Start of Stored data
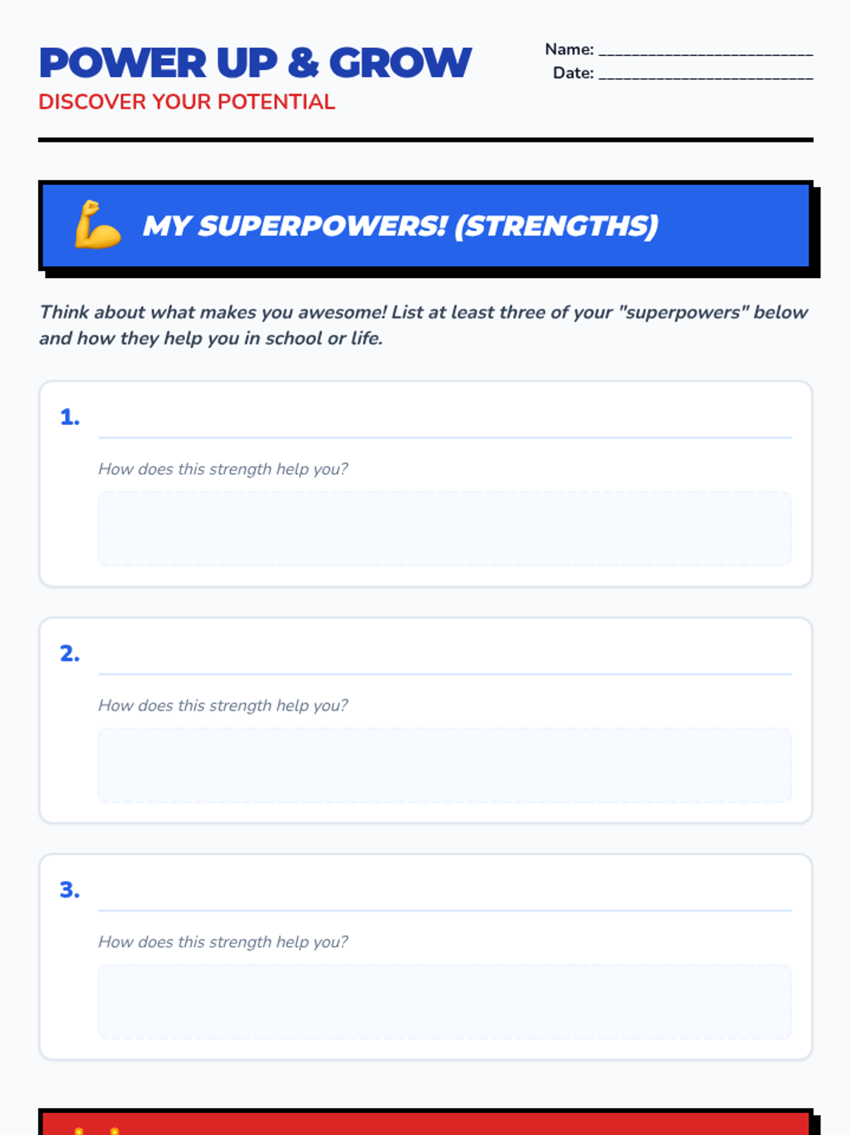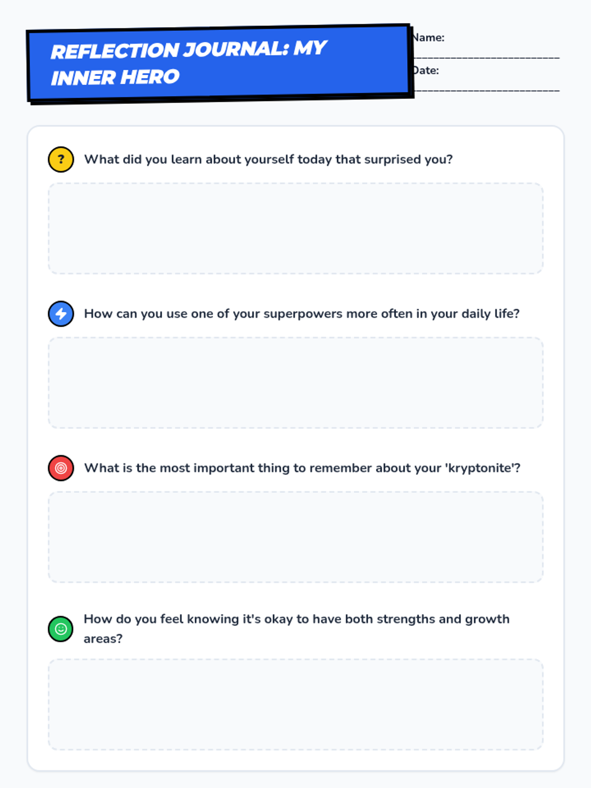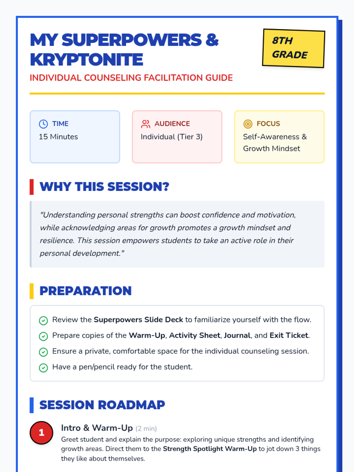 A 15-minute individual counseling session for 8th graders focused on identifying personal strengths (superpowers) and areas for growth (kryptonite) to build self-esteem and a growth mindset.
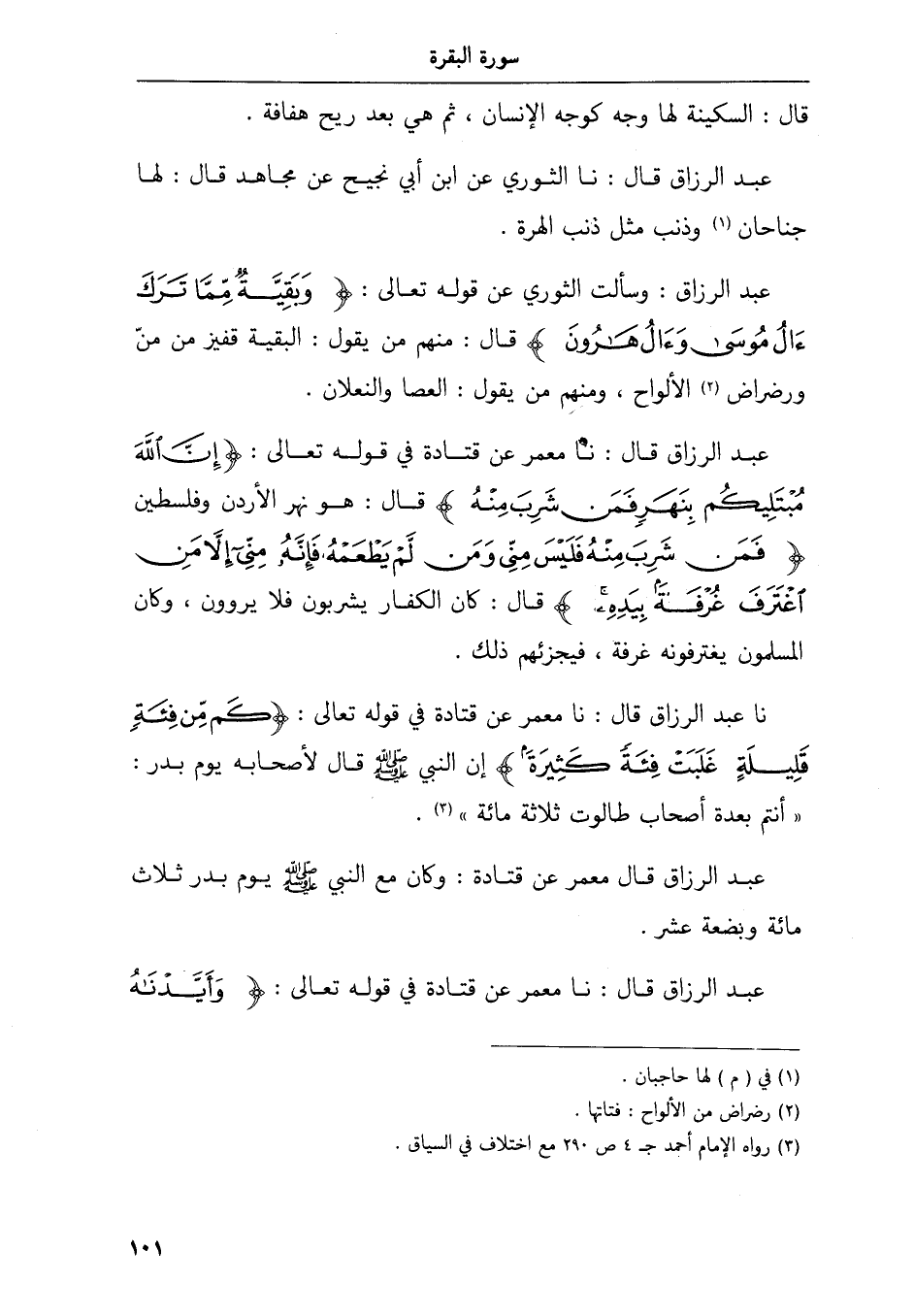 نا عبد الرزاق قال نا معمر عن قتادة في قوله تعالى كم من فئة قليلة غلبت فئة كثيرة إن النبي قال لأصحابه يوم بدر أنتم بعدة أصحاب طالوت ثلاثة مائة
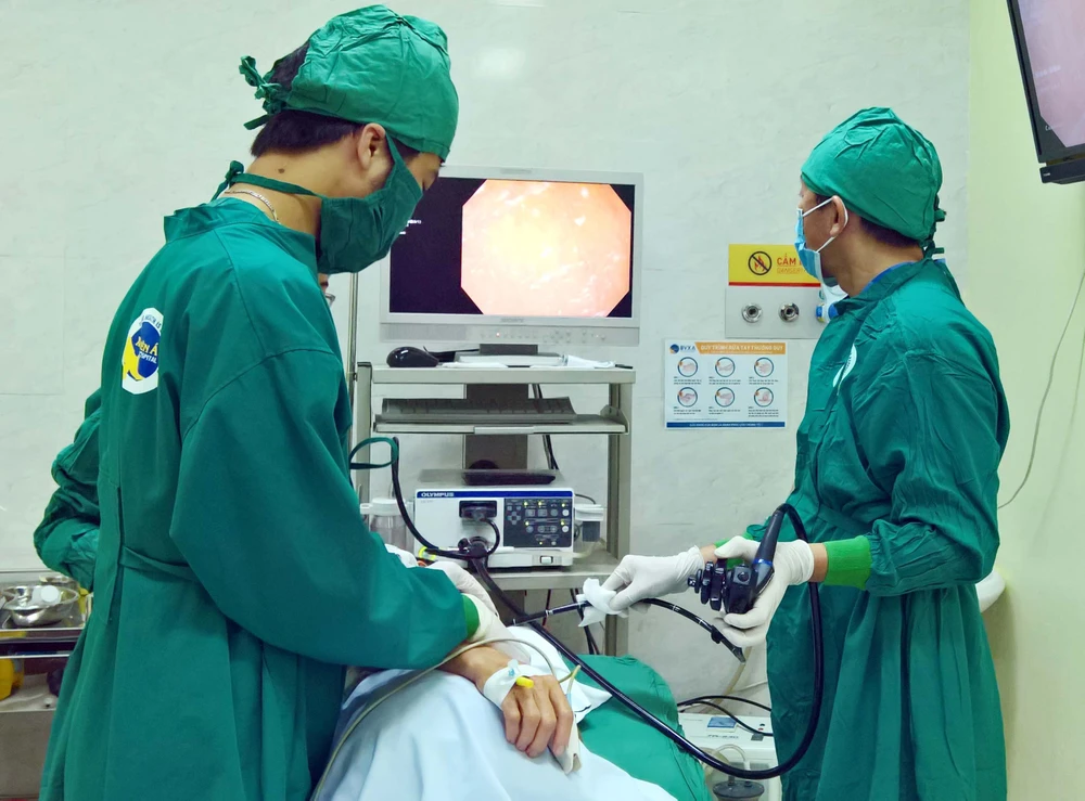 Các BS đang nội soi lấy dây đồng hồ khỏi người bé T. Ảnh: LÊ PHỤNG
End of Stored data
What to produce.
Because the copy must hold no pictures, return only the lines that run from the line containing "نا عبد الرزاق" to the end of the data above, each exactly as it stands.

Exercise answer.
 نا عبد الرزاق قال نا معمر عن قتادة في قوله تعالى كم من فئة قليلة غلبت فئة كثيرة إن النبي قال لأصحابه يوم بدر أنتم بعدة أصحاب طالوت ثلاثة مائة
 Các BS đang nội soi lấy dây đồng hồ khỏi người bé T. Ảnh: LÊ PHỤNG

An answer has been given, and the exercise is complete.